Nott Alexi, Cheng Jemmie, Gao Fan, Lin Yuan-Ta, Gjoneska Elizabeta, Ko Tak, Minhas Paras, Zamudio Alicia Viridiana, Meng Jia, Zhang Feiran, Jin Peng, Tsai Li-Huei
The Picower Institute for Learning and Memory, Massachusetts Institute of Technology, Cambridge, Massachusetts, USA.
Department of Brain and Cognitive Sciences, Massachusetts Institute of Technology, Cambridge, Massachusetts, USA.
Nat Neurosci. 2016 Nov;19(11):1497-1505. doi: 10.1038/nn.4347. Epub 2016 Jul 18.
Mutations in MECP2 cause the neurodevelopmental disorder Rett syndrome (RTT). The RTT missense MECP2 mutation prevents MeCP2 from interacting with the NCoR/histone deacetylase 3 (HDAC3) complex; however, the neuronal function of HDAC3 is incompletely understood. We found that neuronal deletion of Hdac3 in mice elicited abnormal locomotor coordination, sociability and cognition. Transcriptional and chromatin profiling revealed that HDAC3 positively regulated a subset of genes and was recruited to active gene promoters via MeCP2. HDAC3-associated promoters were enriched for the FOXO transcription factors, and FOXO acetylation was elevated in Hdac3 knockout (KO) and Mecp2 KO neurons. Human RTT-patient-derived MECP2 neural progenitor cells had deficits in HDAC3 and FOXO recruitment and gene expression. Gene editing of MECP2 cells to generate isogenic controls rescued HDAC3-FOXO-mediated impairments in gene expression. Our data suggest that HDAC3 interaction with MeCP2 positively regulates a subset of neuronal genes through FOXO deacetylation, and disruption of HDAC3 contributes to cognitive and social impairment.

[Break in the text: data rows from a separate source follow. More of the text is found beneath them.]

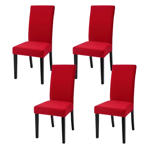 FRKOKRFA Lot de 4 housses de chaises extensibles pour salle à manger, amovibles, lavables et modernes, pour maison, hôtel, banquets, décorations et mariages (rouge)
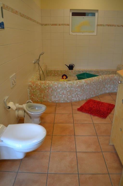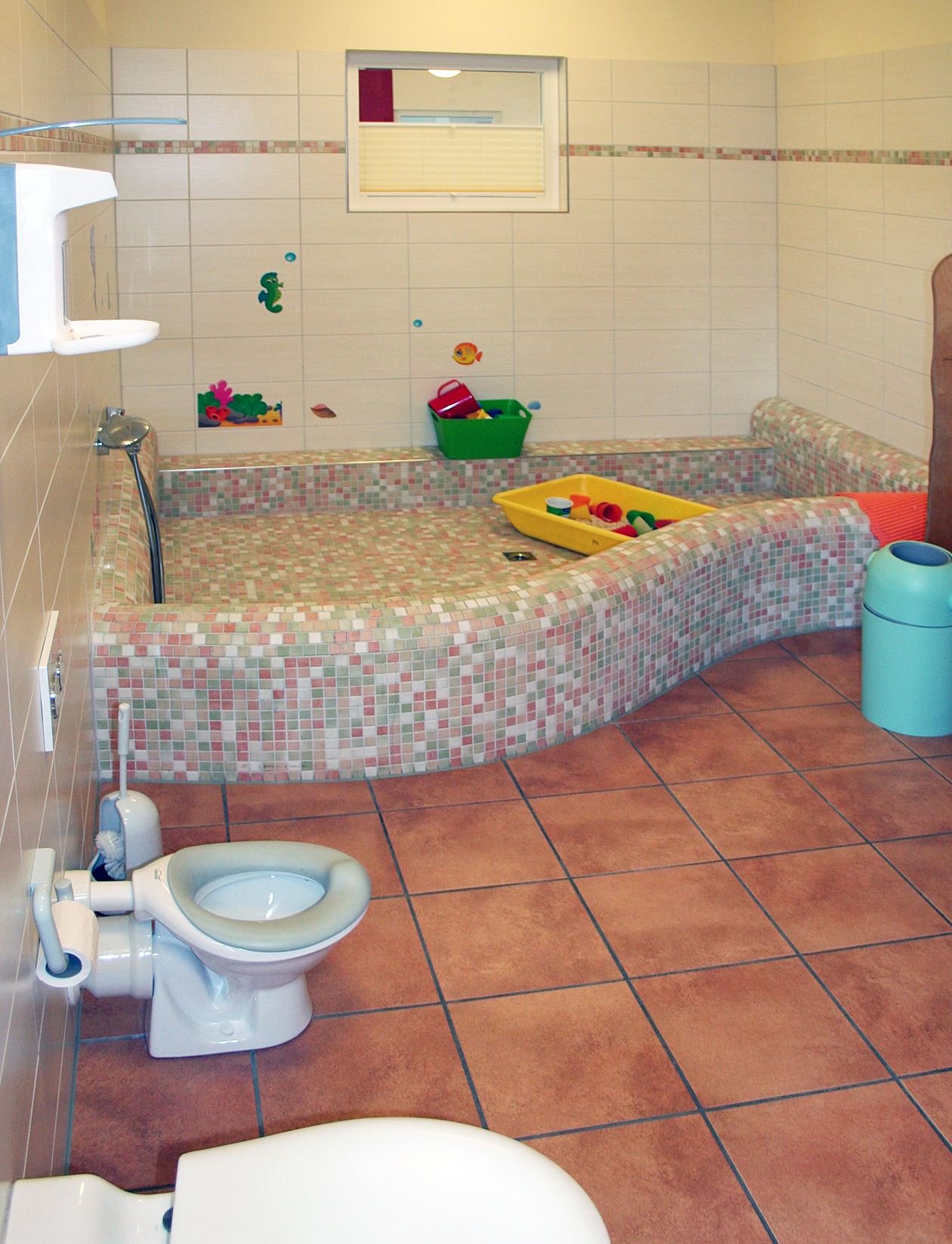 Die Waschrinne mit drei unterschiedlichen Wasserhähnen nutzen die Kinder täglich zur Körperpflege. Sie bietet ihnen aber auch die Möglichkeit, alleine oder zu mehreren mit Wasser zu hantieren und zu experimentieren. Im großen Planschbereich experimentieren die Kinder mit Rasierschaum oder Farben und erleben ihren Körper mit allen Sinnen. Es gibt einen Wickeltisch mit eingebauter Treppe und integriertem Waschbecken, sowie zwei kleine Kindertoiletten.
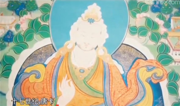 西藏博物馆展览部副主任唐聪丽:唐卡我们都知道它是藏民族的一种传统文化,而且现在已经是被列入了非物质文化遗产。但是早些年这种工艺唐卡,比如说像刺绣、织锦、缂丝这些唐卡,基本都是内地制作。

MECP2基因的突变会导致神经发育障碍雷特综合征(RTT)。RTT错义MECP2突变会阻止MeCP2与NCoR/组蛋白去乙酰化酶3(HDAC3)复合物相互作用;然而,HDAC3在神经元中的功能尚未完全明确。我们发现,小鼠神经元中Hdac3的缺失会引发异常的运动协调、社交能力和认知能力。转录和染色质分析表明,HDAC3正向调控一部分基因,并通过MeCP2被招募到活跃基因的启动子区域。与HDAC3相关的启动子富含FOXO转录因子,并且在Hdac3基因敲除(KO)和Mecp2 KO神经元中FOXO乙酰化水平升高。源自人类RTT患者的MECP2神经祖细胞在HDAC3和FOXO招募以及基因表达方面存在缺陷。对MECP2细胞进行基因编辑以产生同基因对照,挽救了HDAC3-FOXO介导的基因表达损伤。我们的数据表明,HDAC3与MeCP2的相互作用通过FOXO去乙酰化正向调控一部分神经元基因,并且HDAC3的破坏会导致认知和社交障碍。